**Data for this exercise**
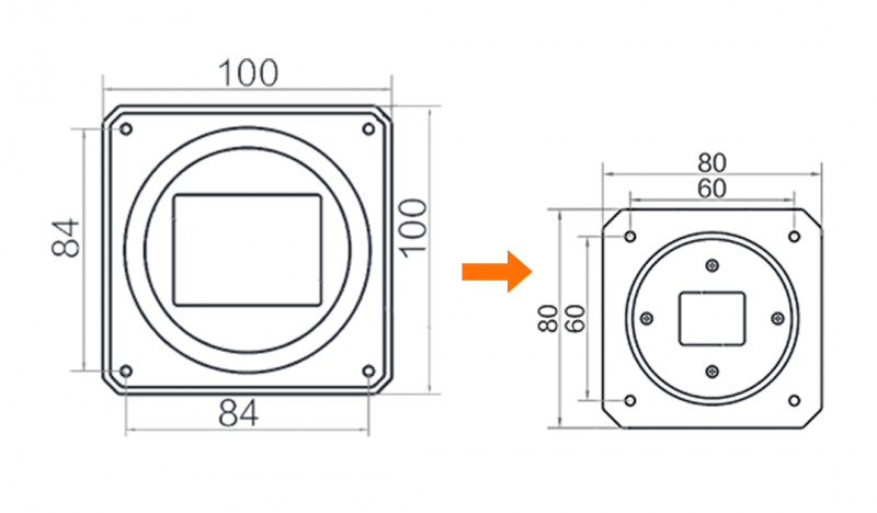 相較于現(xiàn)有1.01億相機(jī),全新1.03億相機(jī)整體尺寸縮小至80*80 mm,架設(shè)難度大幅下降,并且采用M58標(biāo)準(zhǔn)鏡頭接口,可轉(zhuǎn)接F接口使用,支持從千萬(wàn)級(jí)像素相機(jī)直接升級(jí),在不換鏡頭的條件下,升級(jí)視野尺寸。
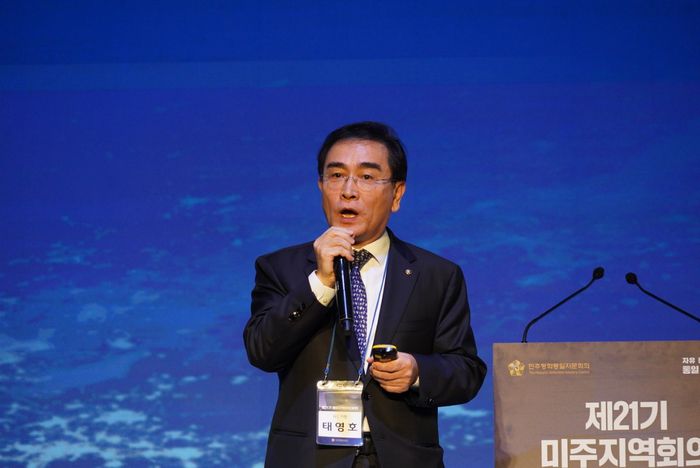 태영호 민주평화통일자문회의 사무처장이 지난 10일 서울 광진구 그랜드 워커힐 호텔에서 열린 제21기 해외지역회의 개회식에서 업무보고하고 있다. [사진 출처 = 민주평화통일자문회의, 연합뉴스]
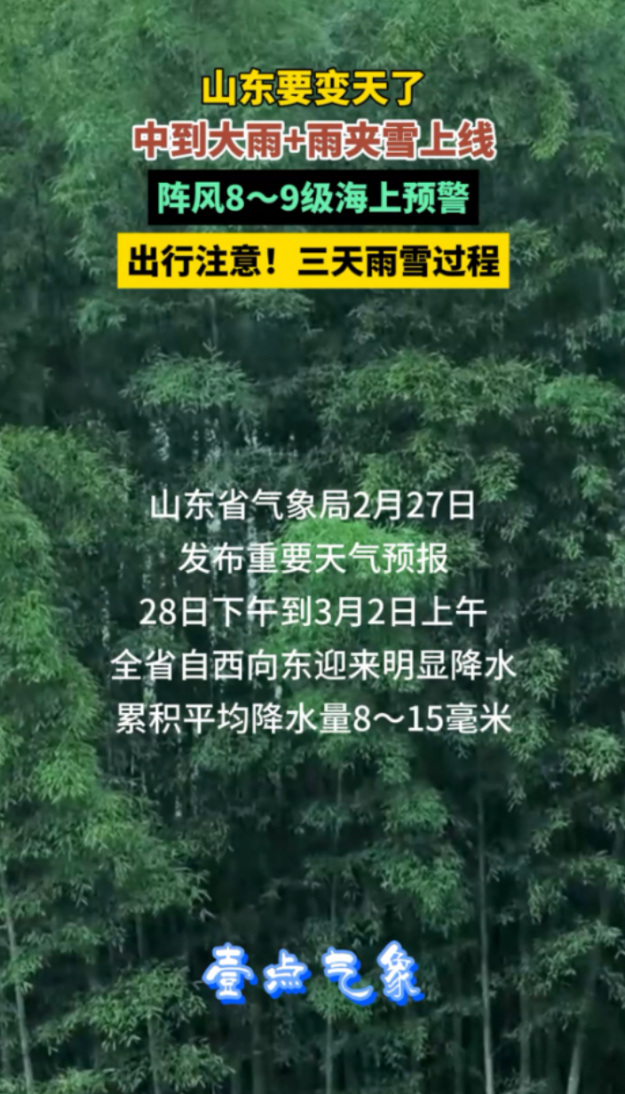 山东大范围雨雪即将上线!28日下午到3月2日上午,全省自西向东迎来明显降水,累积平均降水量8~15毫米。
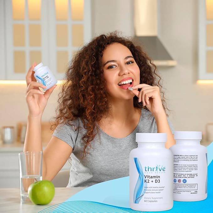 Thrive Good Vitamin K2 D3 - Multivitamin for Women & Men, Daily Dietary Supplement with Vitamin K MK-7, Vitamin D3, Calcium & Black Pepper Fruit Extract - Formulated & Made in USA - 60 Veggie Capsules
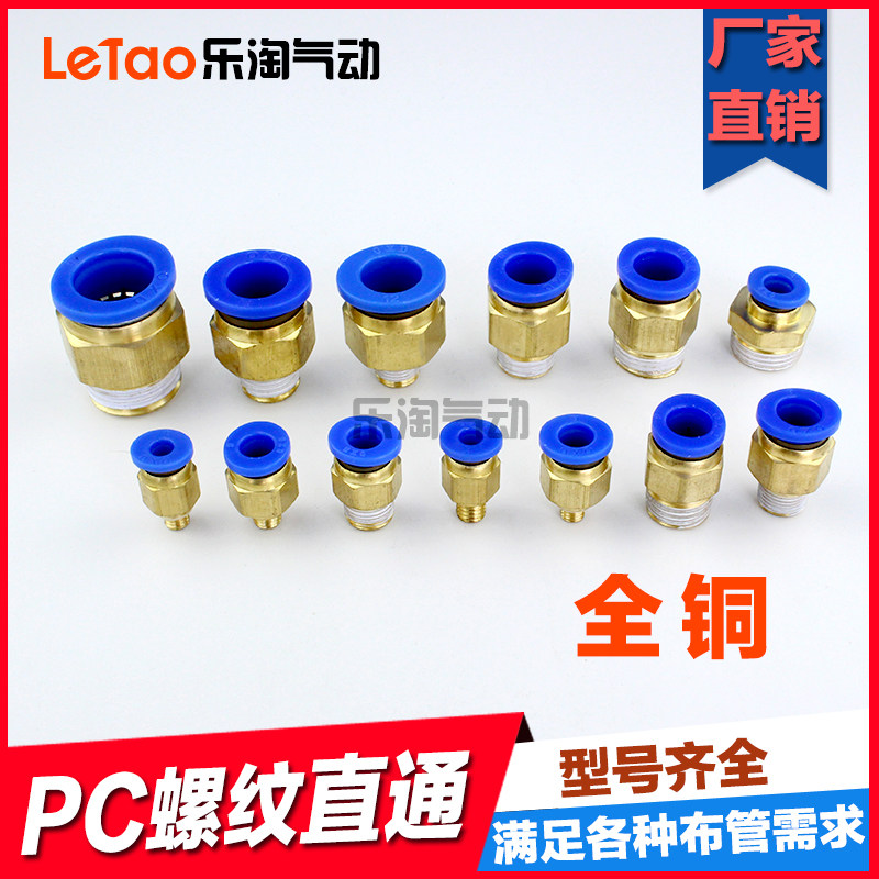 Connector Pneumatic quick plug trachea connector PC male thread straight through 8mm PC4PC6 all copper connector

**What you have to do**
Give the lines again exactly, beginning with the first line of the records above and ending with the line that contains "山东大范围雨雪即将上线!28", and include no pictures.

**Exercise result**
 相較于現(xiàn)有1.01億相機(jī),全新1.03億相機(jī)整體尺寸縮小至80*80 mm,架設(shè)難度大幅下降,并且采用M58標(biāo)準(zhǔn)鏡頭接口,可轉(zhuǎn)接F接口使用,支持從千萬(wàn)級(jí)像素相機(jī)直接升級(jí),在不換鏡頭的條件下,升級(jí)視野尺寸。
 태영호 민주평화통일자문회의 사무처장이 지난 10일 서울 광진구 그랜드 워커힐 호텔에서 열린 제21기 해외지역회의 개회식에서 업무보고하고 있다. [사진 출처 = 민주평화통일자문회의, 연합뉴스]
 山东大范围雨雪即将上线!28日下午到3月2日上午,全省自西向东迎来明显降水,累积平均降水量8~15毫米。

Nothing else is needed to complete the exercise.